Шрифт:
Интервал:
Закладка:
В оценке циклического аспекта развития и перспектив его художественного освоения у Бахтина заметны явные противоречия, непоследовательности, колебания. Нам важно уловить их смысл и методологические интенции.
Перечислив в «Формах времени и хронотопа» ряд признаков первоначального фольклорно-временного комплекса, ученый отделяет последний из них – цикличность – от всех других, как признак чисто негативный. «…Направленность (времени. – В. К.) вперёд ограничена циклом. Поэтому и рост не становится здесь подлинным становлением»[304].
Столь категоричное суждение опровергается самим автором в «Романе воспитания…». «…Становление человека… вполне возможно в циклических временах, – пишет Бахтин. – Так, в идиллическом времени может быть показан путь человека… с раскрытием всех тех существенных моментов в характере и воззрениях человека, которые совершаются в нём с изменением его возраста (детство, юность, зрелость, старость. – В. К.). Такой ход развития (становления) человека имеет циклический характер, повторяясь в каждой жизни»[305]. Таким образом, выясняется, что циклизм и развитие как становление вполне сочетаемы, – по крайней мере, в известных пределах, в определённых литературных формах.
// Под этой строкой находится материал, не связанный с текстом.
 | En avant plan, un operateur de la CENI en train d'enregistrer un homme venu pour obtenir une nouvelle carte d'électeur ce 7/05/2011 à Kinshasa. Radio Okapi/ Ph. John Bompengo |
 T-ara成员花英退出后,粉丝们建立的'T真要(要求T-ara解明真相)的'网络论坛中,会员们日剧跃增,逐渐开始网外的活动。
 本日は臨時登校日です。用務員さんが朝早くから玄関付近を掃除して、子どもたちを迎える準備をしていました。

В целом же приходится констатировать, что роль цикличности в постижении развития человека и мира оценивается Бахтиным как весьма скромная. Циклическое время – величина убывающая. Доминируя на ранних ступенях культурного развития, оно позднее занимает всё более скромное место и постепенно сходит на нет. В биографическом романе становления, там, где начинает вступать в свои права фактор индивидуализации, цикличности уже нет[306]. Биографическое время преодолевает цикличность[307]. В идиллическом типе романа она ещё занимает существенное место, но разрушение идиллии – процесс неизбежный. Он развивается по нескольким направлениям; одно из них символизирует гётевский «роман воспитания» – форма более зрелая, чем идиллии Руссо. Привязанная к архаике и к идиллии, цикличность в конечном счёте разделяет их печальную судьбу.
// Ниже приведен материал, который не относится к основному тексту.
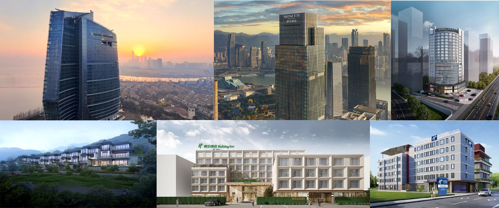 上排從左至右:湖州南太湖洲際酒店、洲至奢選重慶TFT酒店、合肥中心尚都筑格酒店

Но, может быть, не всё так безнадёжно? Быть может, отыщутся основания для более высокой оценки культурного потенциала цикличности? На наш взгляд, такие основания есть.
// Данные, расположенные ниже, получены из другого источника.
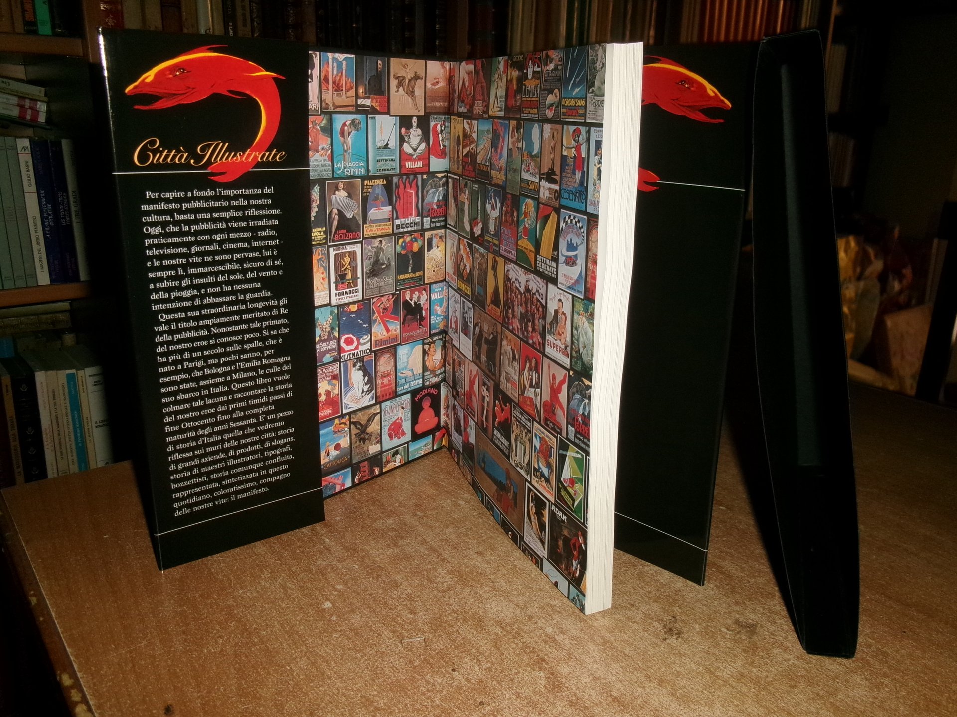 Alessandro Molinari Pradelli. Città Illustrate Storia del Manifesto Pubblicitario in Emilia Romagna. Bologna, L' Inchiostroblu per Carisbo, 2002. In-4°, tela nera edit. con titoli in oro e sovracopertina ill. a col. 221 pp. con numerose illustrazioni a colori anche a piena pagina. Come nuovo con astuccio nero muto. Neg. mob. L

Специалисты – исследователи темпоральных представлений людей на разных стадиях культурного развития отнюдь не считают цикличность чем-то вроде постепенно уменьшающейся «шагреневой кожи». Напротив, они утверждают, что цикличность и «линейность» (поступательность») так или иначе соприсутствуют, сочетаются буквально во всех типах времён, во всех темпоральных представлениях. Послушаем их: «…На каждом уровне темпорального сознания могут фигурировать или даже сосуществовать циклические и линейные представления о развитии во времени. На первом уровне (эмпирического времени) циклические представления о постоянном повторении дня и ночи, зимы и лета, работы и отдыха совмещаются с линейными ощущениями «течения» времени жизни, ускользающего и невозвратимого мгновения и т. д. На втором уровне (родового времени) циклические и линейные представления могут сочетаться в разных пропорциях (линейная смена поколений соседствует с постоянно обновляющимися циклами жизни от рождения до смерти). Сакральное время может иметь циклический характер (обычно в виде одного цикла, когда происходит возврат к первоначалу или первоначальному состоянию, или, например в форме идеи реинкарнации и т. д.)…, но в нём могут присутствовать и линейные мотивы (например, от акта творения через воплощение Христа к концу света). На уровне исторического времени… также могут существовать и даже сосуществовать линейные и циклические представления о развитии истории (курсив мой. – В. К.)»[308]. Как видим, циклические представления расцениваются авторитетными культурологами не как исторически преходящие, локальные (что следует из концепции Бахтина), а как фактически универсальные, не умирающие. И это внушает определённый оптимизм.
У Бахтина материнским лоном или праматерью всех циклических представлений людей является земледельческая цивилизация. Но судьба последней – исполнив все предназначенное ей, сойти со сцены, раствориться, исчезнуть. Между тем, для миллионов жителей Земли, в том числе и наших соотечественников, земледельческий тип организации труда, быта, семейных отношений и т. д. – не древнее предание только, но и реальность сегодняшнего дня (хотя и значительно модифицированная, технически обновлённая). Земледельческая цивилизация жива, и она ещё долго будет питать циклические представления. В том числе и те, которые реализуются в литературе, в произведениях искусства.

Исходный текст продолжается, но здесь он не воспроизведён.